▸ **Assignment**
The listing below should be printed exactly, though its pictures must not be.

▸ **Data**
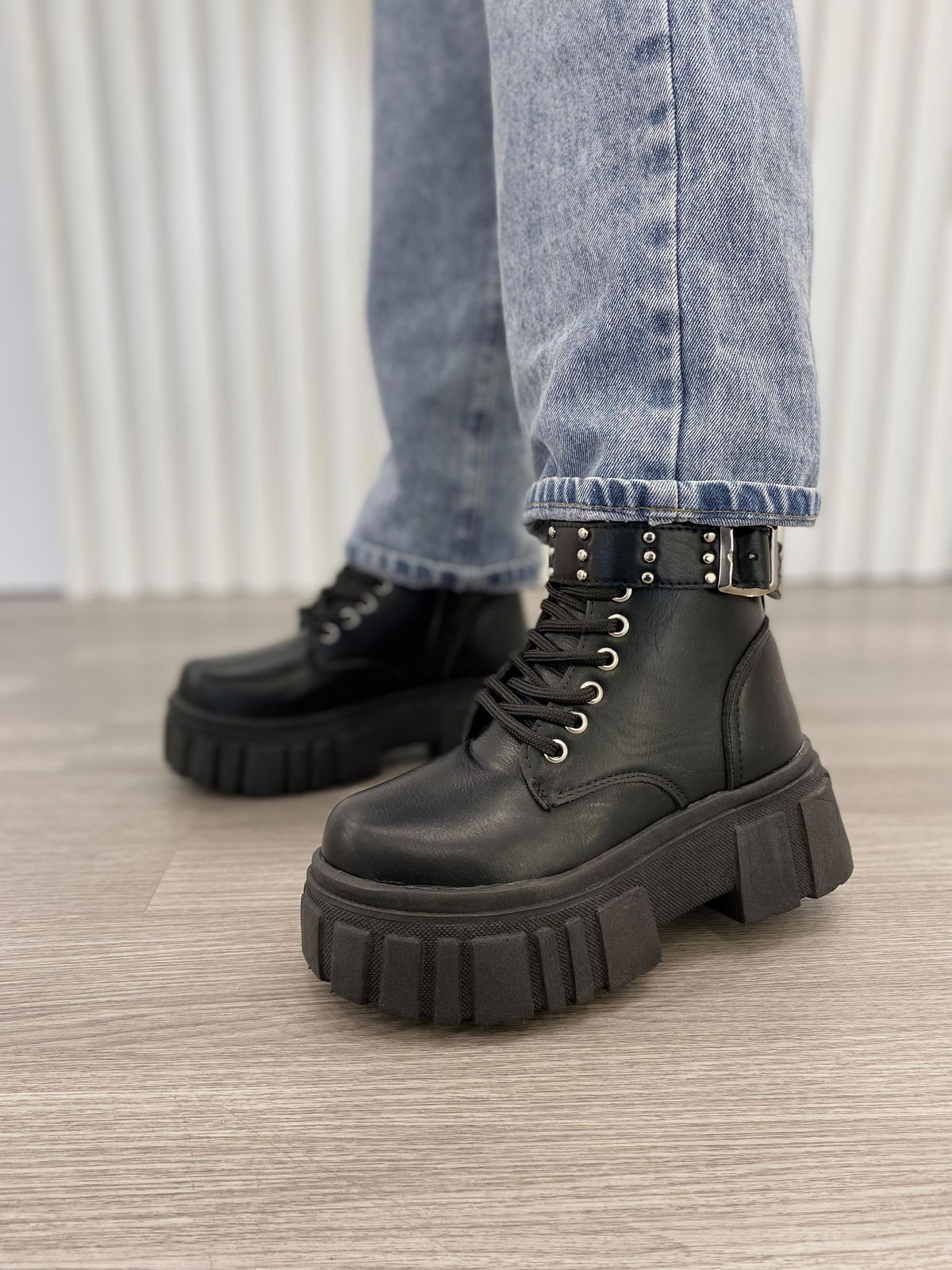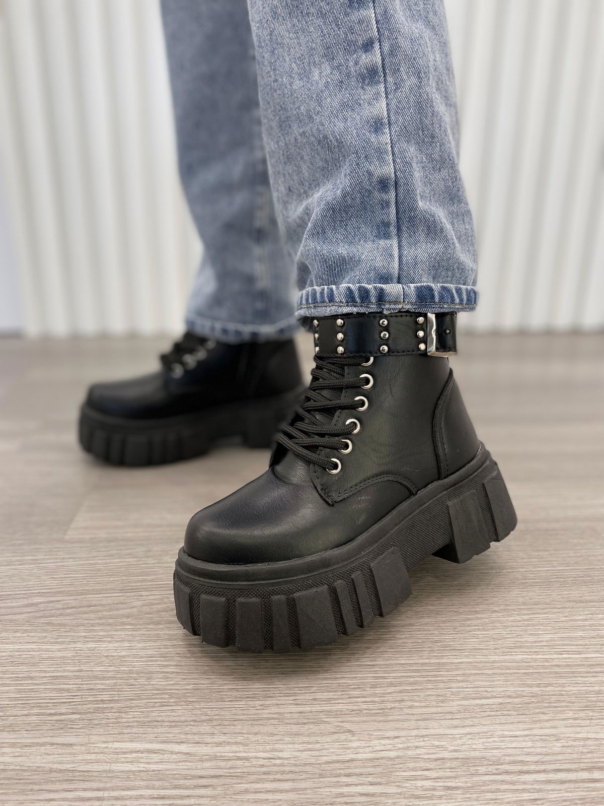 Borcego de ecocuero con cierre lateral interno y cinto de tachas (no desmontable).
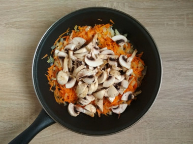 Лук и морковь очистите от кожуры и ополосните от загрязнений. Лук нарежьте, а морковь натрите на терке. Выложите лук и морковь в сковороду к грибам и обжаривайте все вместе еще 3-4 минуты. Овощи станут мягче.
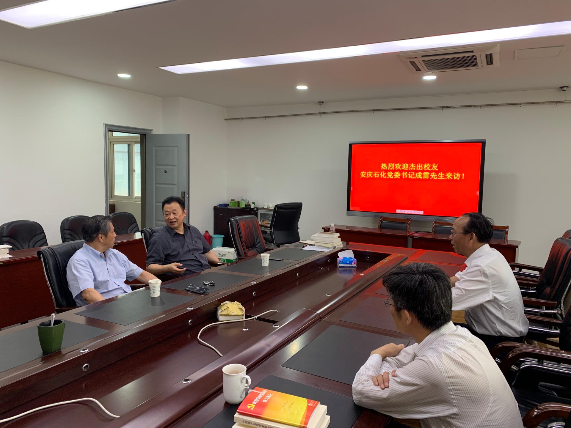 成雷书记介绍了安庆石化的基本情况,同时对双方合作表示浓厚的兴趣。他表示,一别母校数十年,一直很期望能为母校做点事情,希望能借着双方合作的契机再为母校发展和社会发展做出努力和贡献。

▸ **Completed exercise**
 Borcego de ecocuero con cierre lateral interno y cinto de tachas (no desmontable).
 Лук и морковь очистите от кожуры и ополосните от загрязнений. Лук нарежьте, а морковь натрите на терке. Выложите лук и морковь в сковороду к грибам и обжаривайте все вместе еще 3-4 минуты. Овощи станут мягче.
 成雷书记介绍了安庆石化的基本情况,同时对双方合作表示浓厚的兴趣。他表示,一别母校数十年,一直很期望能为母校做点事情,希望能借着双方合作的契机再为母校发展和社会发展做出努力和贡献。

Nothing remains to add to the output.